И вот тогда сказал свое первое слово Альберт Эйнштейн— будущий великий физик, а в ту пору двадцатишестилетний сотрудник Швейцарского патентного бюро в Берне.
В 1905 году в научном журнале «Аннален дер физик» появилась его статья под скромным заголовком «К электродинамике движущихся сред». В ней было положено начало так называемой специальной теории относительности. Эйнштейн, не колеблясь, оставил обветшалую идею эфира. Странности движения света он принял как экспериментальные факты и положил их в основу новой физики, обобщающей и исправляющей прежнюю.
Сокровенный смысл эйнштейновских взглядов заключался в тщательном анализе процессов измерения механических величин — длин и интервалов времени. В движущихся предметах такие измерения в принципе не могут обходиться без сигнализации. Ведь узнать длину предмета, летящего мимо наблюдателя, — значит дать сигналы с разных его концов, либо воспользоваться часами, для сверки которых опять-таки нужны сигналы. В пустоте придется применить лишь световые сигналы. А поэтому раскрыть логику механических измерений нельзя, не учтя странности распространения света. Гений Эйнштейна поставил и блестяще решил эту задачу, выявив, таким образом, удивительные особенности в самих измеряемых объектах.

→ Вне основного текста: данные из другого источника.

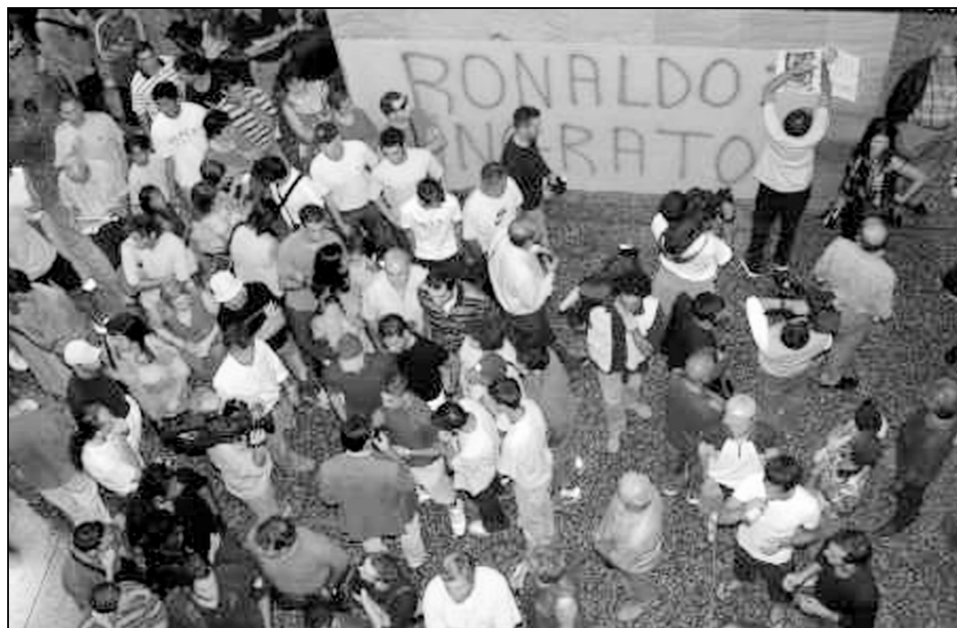
THEY DESERVE AN EXPLANATION: Inter Milan fans stand by a banner reading "Ronaldo Ingrate(Ungrateful)" as they wait for the arrival of the Brazilian superstar at the Milan Malpensa airport on August 6.

Inter hope the star will fire them to the Serie A title this season after showing with his eight World Cup goals that he is back to his top form after three years blighted by serious knee injuries.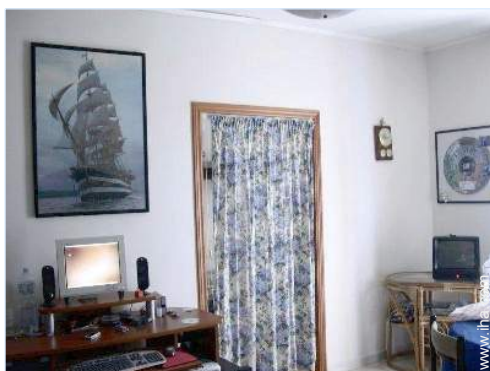
high speed internet access

Исходные положения его теории гласили:
Во-первых, скорость света в пустоте для любых тел, движущихся равномерно и прямолинейно, всегда одинакова и равна все тем же 300 тысячам километров в секунду.
Во-вторых, световая сигнализация внутри тела, движущегося равномерно и прямолинейно, не дает возможности обнаружить это движение.
Таким образом, теряется смысл самого понятия абсолютного, безотносительного к чему-либо движения. Любое движение физически реально лишь в том случае, если оно происходит относительно чего-то. И вместе с тем любое движение, если оно происходит равномерно и прямолинейно, физически вполне тождественно с покоем.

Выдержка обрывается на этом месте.